I didn't want to toss it, or wipe it off onto the cloth I was using for a cleanup rag. Instead, I decided to see if I had an old or unfinished painting I could stamp onto with the silver paint. Maybe it could rekindle my enthusiasm for some orphaned project. So I went looking in my stash for a suitable piece to work with.
The perfect candidate turned out to be a 2 1/2x3 1/2" artist trading card my friend Rebecca Salcedo had given me a few years ago. Rebecca is both a decorative artist and a fine artist. She had been experimenting with faux paint treatments for a client's walls, and had created several of these little cards to test various effects and color combinations. One afternoon she had stuck her head in my studio door (at the time we were both tenants in a communal studio space), handed me two of the cards and said, "Here's something to start some tiny paintings with." Intending to do just that, I had placed them in a drawer. Where they languished until yesterday.
One of the cards featured a bit of texture on its surface. It was painted a mid-value grey, lightly glazed with what looked to be a mixture of Pthalo Blue and black, making it an ideal blank slate. Eureka! The leftover silver paint would look great with those colors. I got right to work.
A 2 1/2x3 1/2" abstract, painted entirely with sponges. |
Instead of a brush, I decided to use itty-bitty sponges. These were actually pieces of a large sponge I had previously cut up for another project. Back then I had used the pieces to stamp small squares onto a canvas. The biggest of the bunch was about the size of a thumbprint, the smallest about the circumference of my middle finger.
Painting with sponges was a way to leave my comfort zone and give something different a try. It's part of my New Studio Mantra: new digs call for exploring new directions. Since moving into my new space, I've been doing just that and having a ball, inspired in part by a book titled Mixed Media Revolution: Creative Ideas for Reusing Your Art by Darlene Olivia McElroy and Sandra Duran Wilson. Already Sandra and Darlene have led me down several new pathways to creative opportunity.

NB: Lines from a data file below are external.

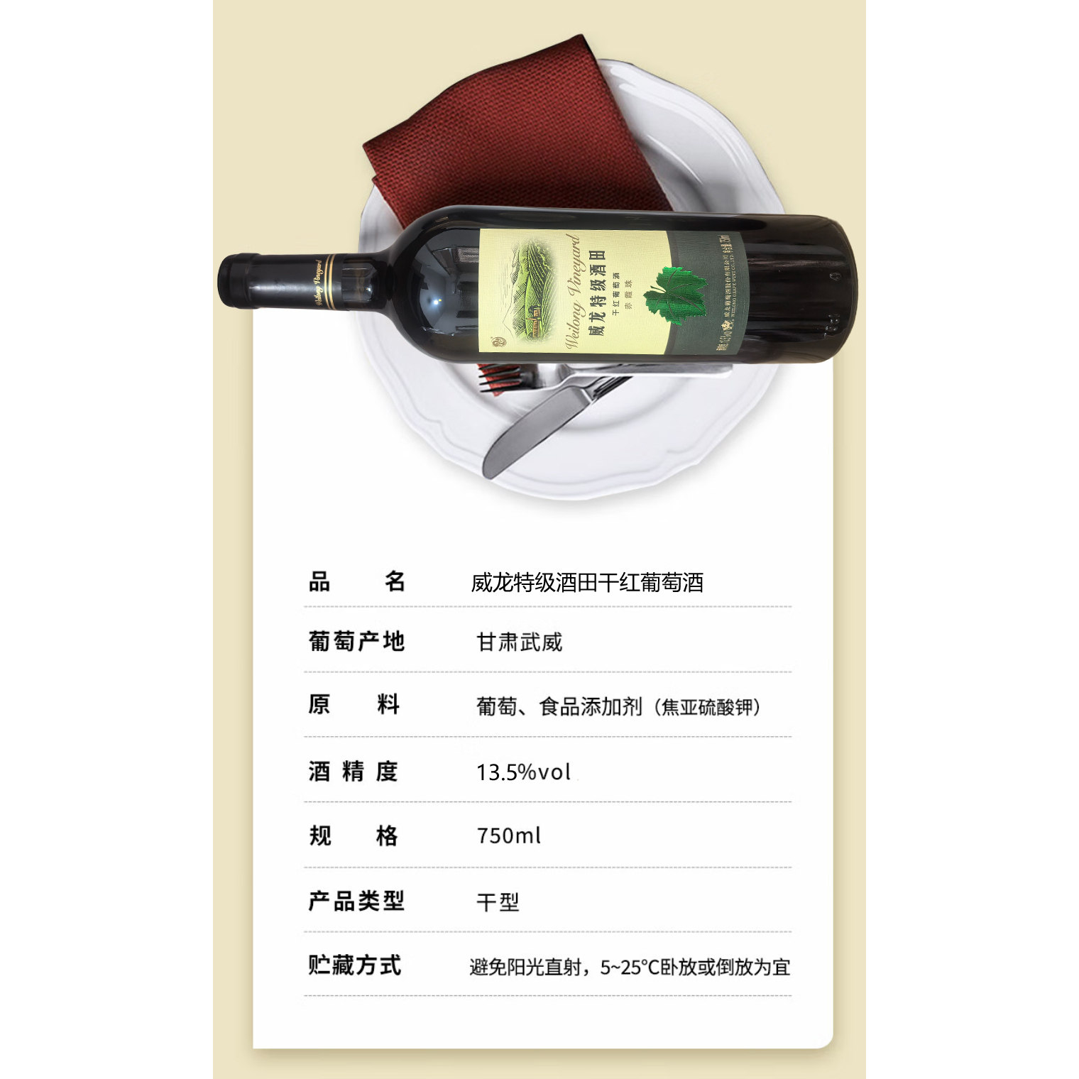 威龙特级酒田干红葡萄酒赤霞珠 13.5度 750ml*6瓶珍藏级干型红酒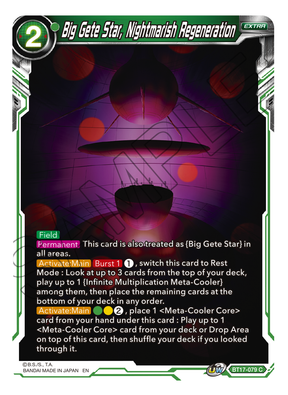 [Field] [Permanent] This card is also treated as {Big Gete Star} in all areas. [Activate : Main][Burst 1](1), switch this card to Rest Mode : Look at up to 3 cards from the top of your deck, play up to 1 {Infinite Multiplication Meta-Cooler} among them, then place the remaining cards at the bottom of your deck in any order. [Activate : Main](Green)(Yellow)(2), place 1 card from your hand under this card : Play up to 1 card from your deck or Drop Area on top of this card, then shuffle your deck if you looked through it.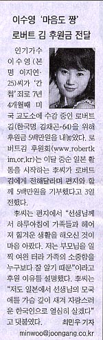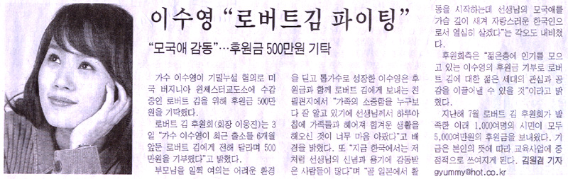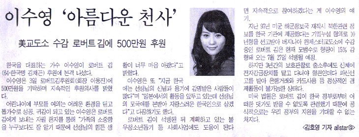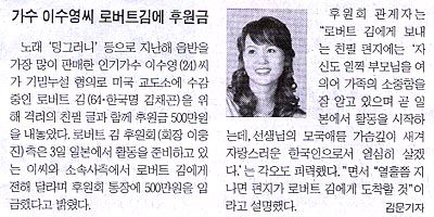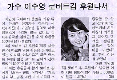 가수 이수영씨 로버트 김에 후원금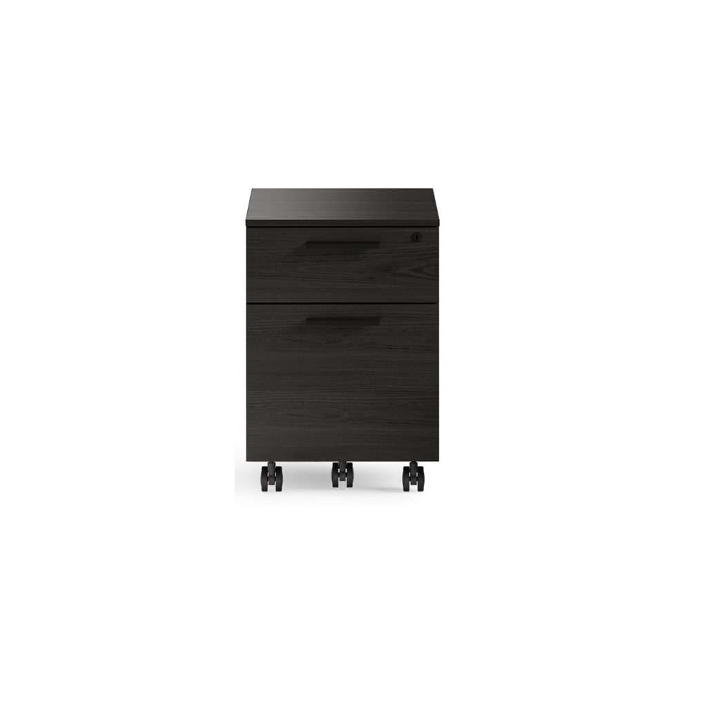 [0] => The Linea Mobile File Pedestal is the perfect accompaniment to any office setup. Its size and mobility allow it to tuck under the Linea Desk, function as a printing station, or sit standalone wherever you need some extra storage. A smaller supply drawer provides space for essentials, and the larger file drawer's adjustable filing system can store Legal, Letter, A4, and Foolscap size hanging folders. The locking wheels ensure the pedestal will stay in place, and the drawer key lock keeps files secure. Shown in charcoal-stained ash hardwood veneer.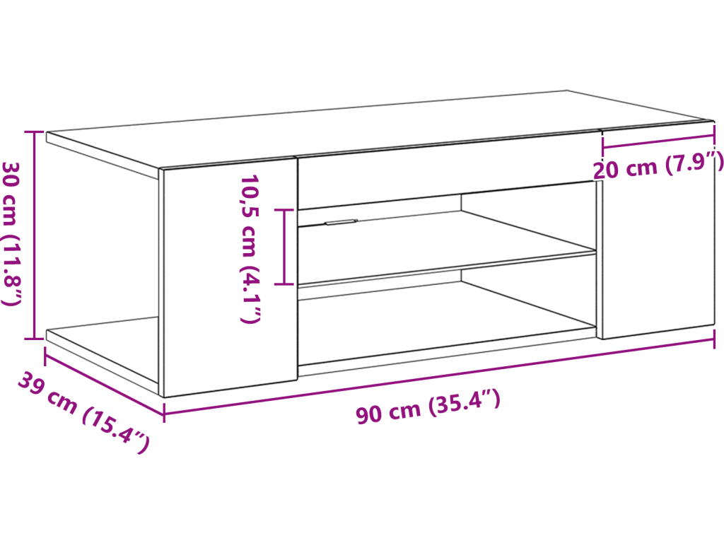 - Celkové rozměry: 90 x 39 x 30 cm (D x Š x V)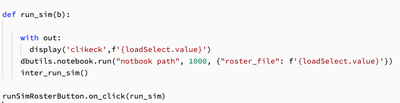 I am trying to add a button in a notebook to trigger an execution of another notebook, but it does not respond to the command. Any idea why? The run command works if I run in a separate cell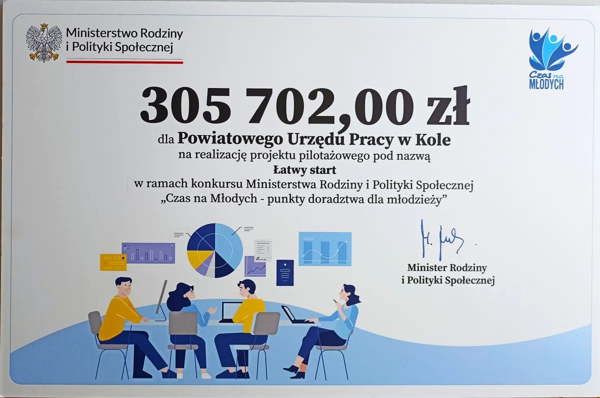 Powiatowy Urząd Pracy w Kole otrzymał dofinansowanie na realizację projektu pilotażowego pt. "Łatwy Start", w ramach ogłoszonego przez Ministerstwo Rodziny i Polityki Społecznej naboru na projekty pilotażowe pod nazwą "Czas na Młodych – punkty doradztwa dla młodzieży".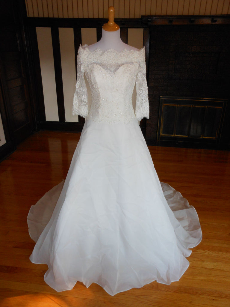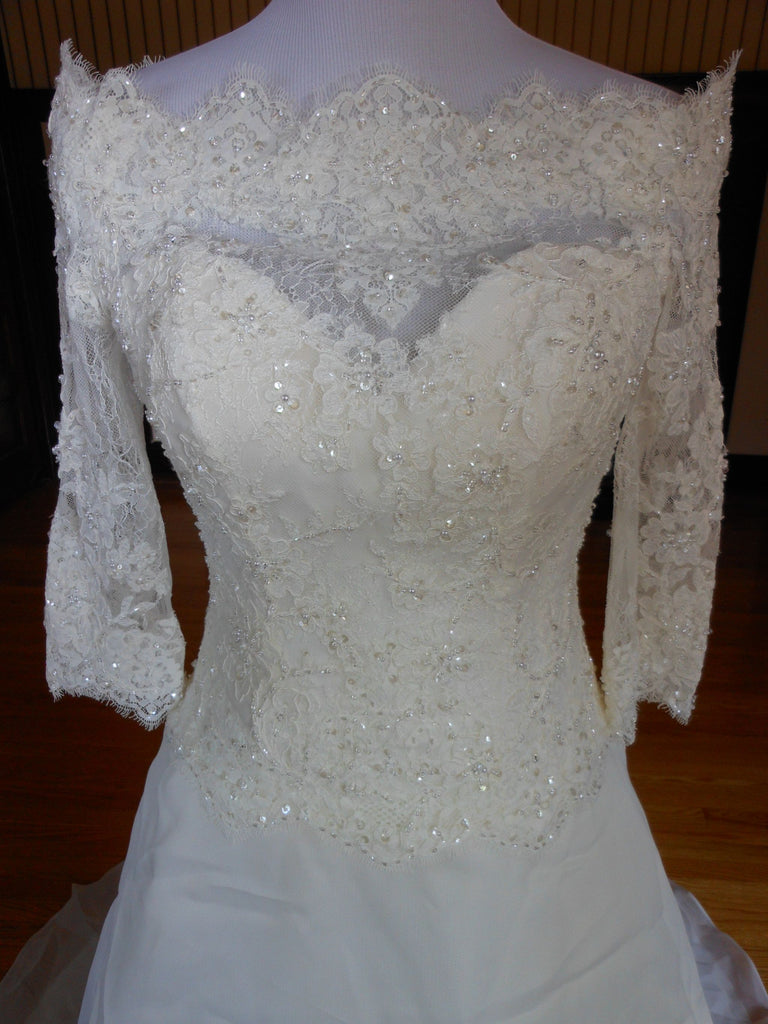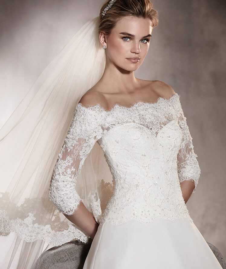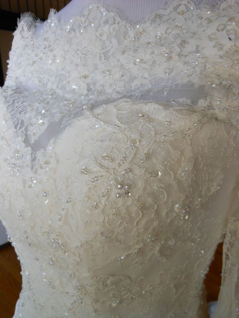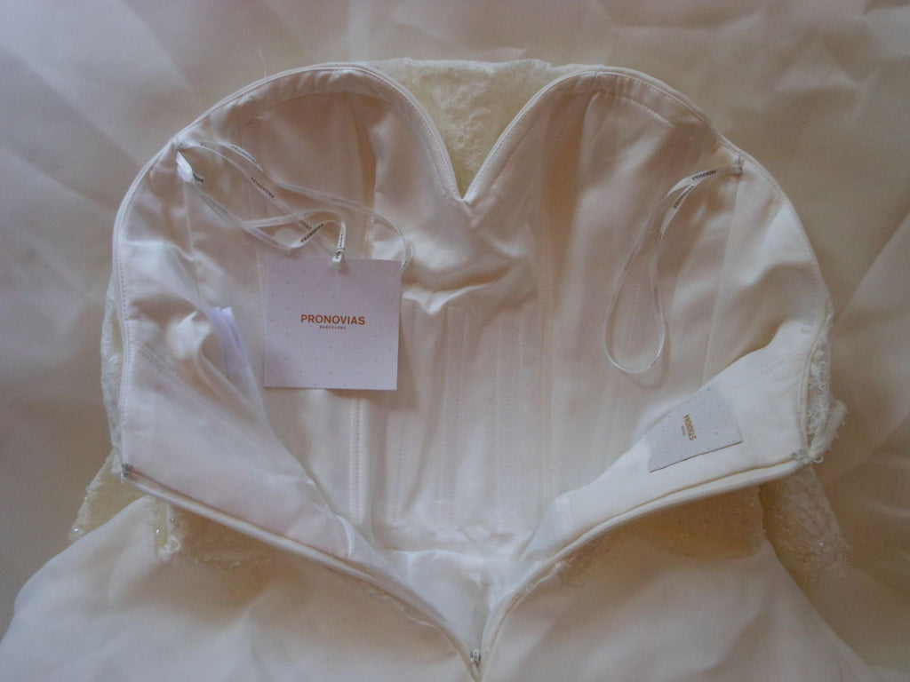This is an Authentic PRONOVIAS Bridal Wedding Dress Gown. The name of the dress is ALGECIRAS. It has a gorgeous A line style with a fabulous long train and elegant 3/4 sleeves. The gown is embellished with exquisite floral lace, and sparkling beads/sequences on top of the lace. The bodice also has boning to build a perfect shape. The skirt has netting petticoat inside to support a full shape. This dress is brand new in great condition with the original label and tags. It was never worn.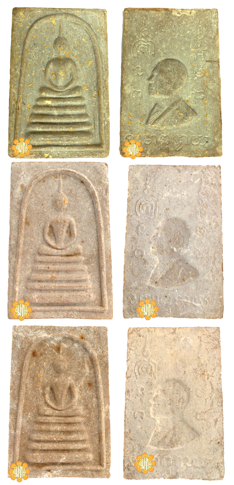 Made in Year B.E. 2515 and consecrated by Luang Phor Pae these Somdej were made with Gold Chip and Luang Phor hair with Luang Phor image at the back. It is special because it was in perfect condition and full of Gold Chips embedded during the making of this phim with rich material and were easily define to be genuine.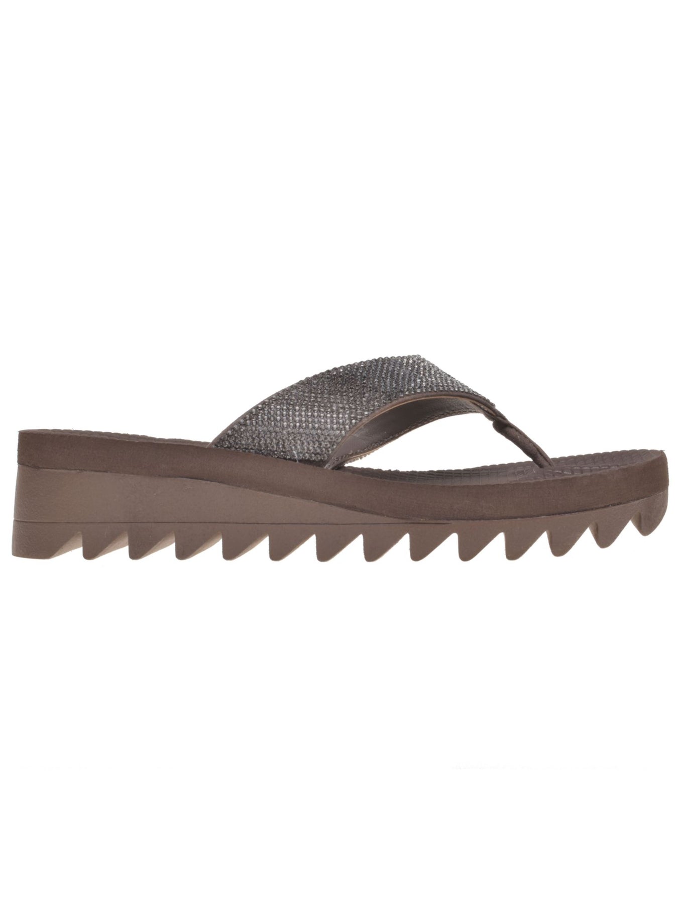 Womens Brown Saw Tooth Sole Rhinestone Kalabasas Round Toe Wedge Slip On Flip Flop Sandal M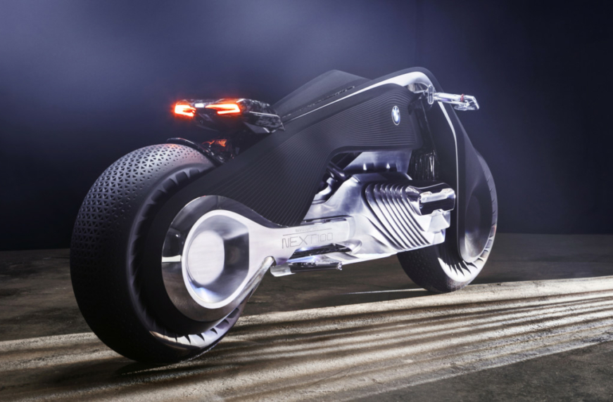 На прикладі нового прототипу Vision Next 100 баварці показують, якими можуть стати мотоцикли BMW в майбутньому. Концепт має технологію Flexframe, яка передбачає зміну зусиль на кермо зі збільшенням швидкості. В цьому випадку під час маніпуляцій із кермом повертається не тільки вилка, а й уся конструкція.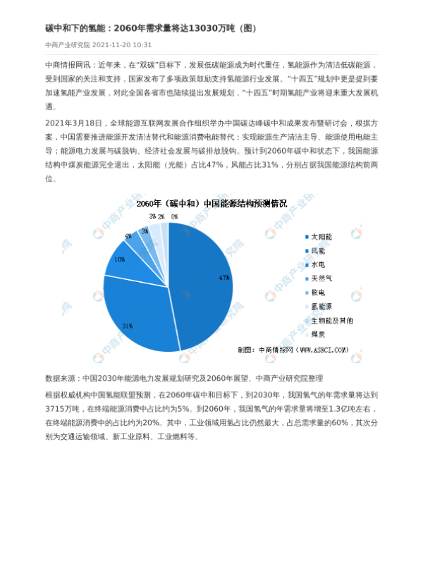 【中商产业研究院】【2023】碳中和下的氢能:2060年需求量将达13030万吨-2页 行业研究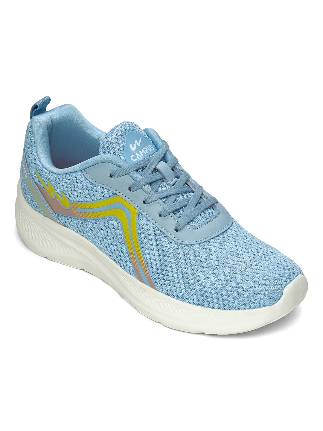 Shine bright with Raye Women's Running Shoes from Campus. Designed with a breathable mesh upper, these shoes keep your feet cool and comfortable all day. The secure lace-up closure ensures a snug fit, while the Memory Insole provides custom cushioning for every step. The Pillofoam Outsole offers excellent impact cushioning, making these shoes perfect for the gym, track, or any daily activity. With a vibrant color combination of light sky blue and lemon yellow, Raye women's shoes are here to make your everyday a lot more trendy!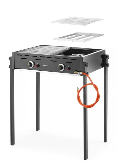 Dostępny w 2 wersjach: wolnostojąca lub nablatowa. 2 niezależne palniki gazowe z zapalnikiem piezoelektrycznym. 2 osłony palników wykonane ze stali nierdzewnej AISI 430. 2 ruszty ze stali chromowanej, o wymiarach 470x320 mm. Duża tacka ociekowa, pomaga również w utrzymaniu ciepła. Miedziane zawory z systemem automatycznego odłączania przepływu gazu – system uruchamia się po zgaszeniu płomienia. W zestawie wąż gazowy z reduktorem. Odpowiedni do użytku na gaz propan i butan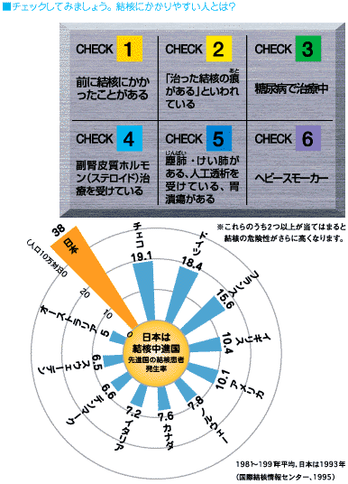 | かつては「亡国病」と恐れられた結核も、医療や生活水準の向上のおかげでずいぶん少なくなりました。しかし、それでも日本ではいまなお、毎年4万5千人の患者が新たに発生し、3千2百人もがこの病気で命を落としているのです。欧米の先進国と比べると、日本はまだ20年〜30年も遅れた「結核高蔓延国」なのです。 | ||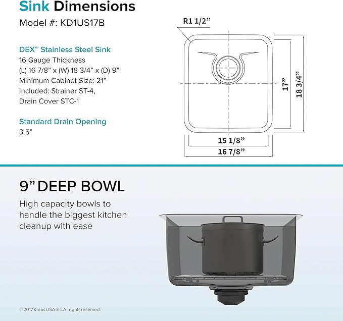 KRAUS Dex 17-Inch Undermount Single Bowl TRU16 Gauge Stainless Steel Kitchen Bar Sink with DrainAssure WaterWay and VersiDrain Assembly in Radiant Pearl Finish, KD1US17B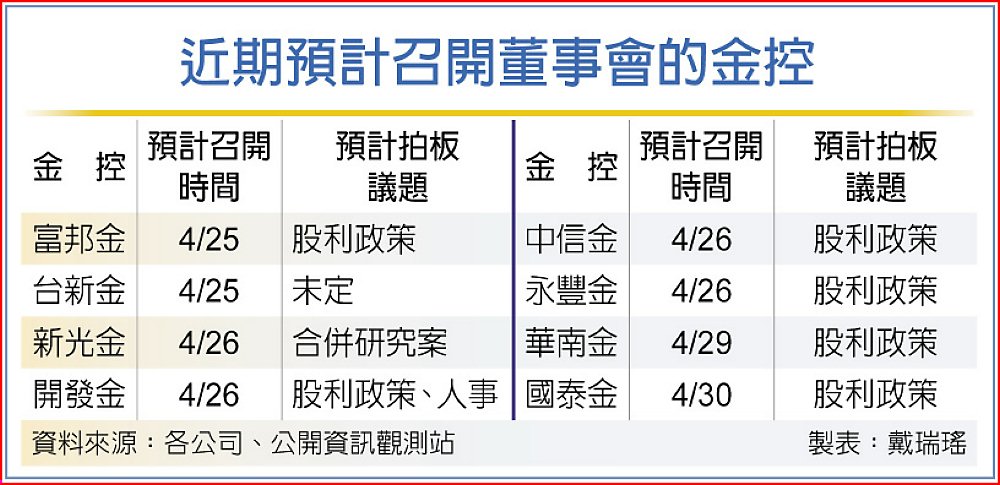 富邦金、台新金25日召開董事會,市場預估富邦金今年現金股利加股票股利上看3元,華南金、國泰金預計29日、30日召開董事會,金控股利陸續拍板,將成金融股上漲新動力。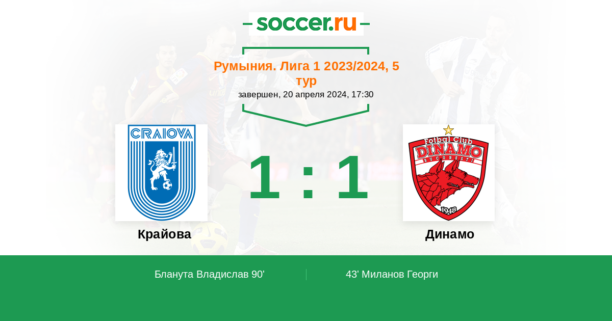 Протокол матча Крайова против Динамо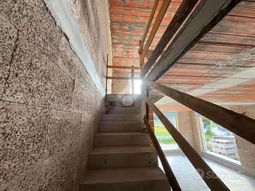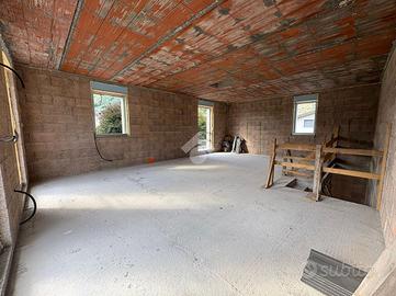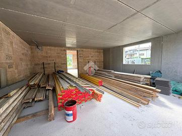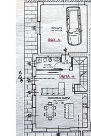 Al piano terra si sviluppa la zona giorno, composta da un ampio soggiorno con cucina a vista per una superficie complessiva di circa 40 mq, con possibilità di suddividere gli spazi in base alle esigenze personali. Sempre al piano terra è presente un bagno finestrato, oltre all'accesso diretto all'autorimessa doppia di circa 33 mq, in grado di ospitare comodamente due autovetture e offrire ulteriore spazio per deposito o scaffalature.

Doing this little sponge painting was great fun. I held no expectations for its outcome, just allowed myself to play and dabble. In addition to the Iridescent Silver, Carbon Black, Titanium White and Payne's Grey rounded out my palette. I learned quickly to use the very lightest of touches when applying the loaded sponge to the paper, or a big blob would result that had to be covered up. The sponges' textured surfaces created a delicate, yet intricate interplay of colors; layering and veiling and layering some more produced a remarkably detailed level of complexity my clumsy photography can't capture adequately here. Nor can it capture the luminous glow the metallic silver paint infuses.
As I worked on this I was fully in the Zone, dabbing away and enjoying every minute as the painting took shape. When I finished it, I noticed it looks equally good turned in any direction, and because the silver paint is reflective, each orientation looks very different from the others. It's like four unique little paintings in one!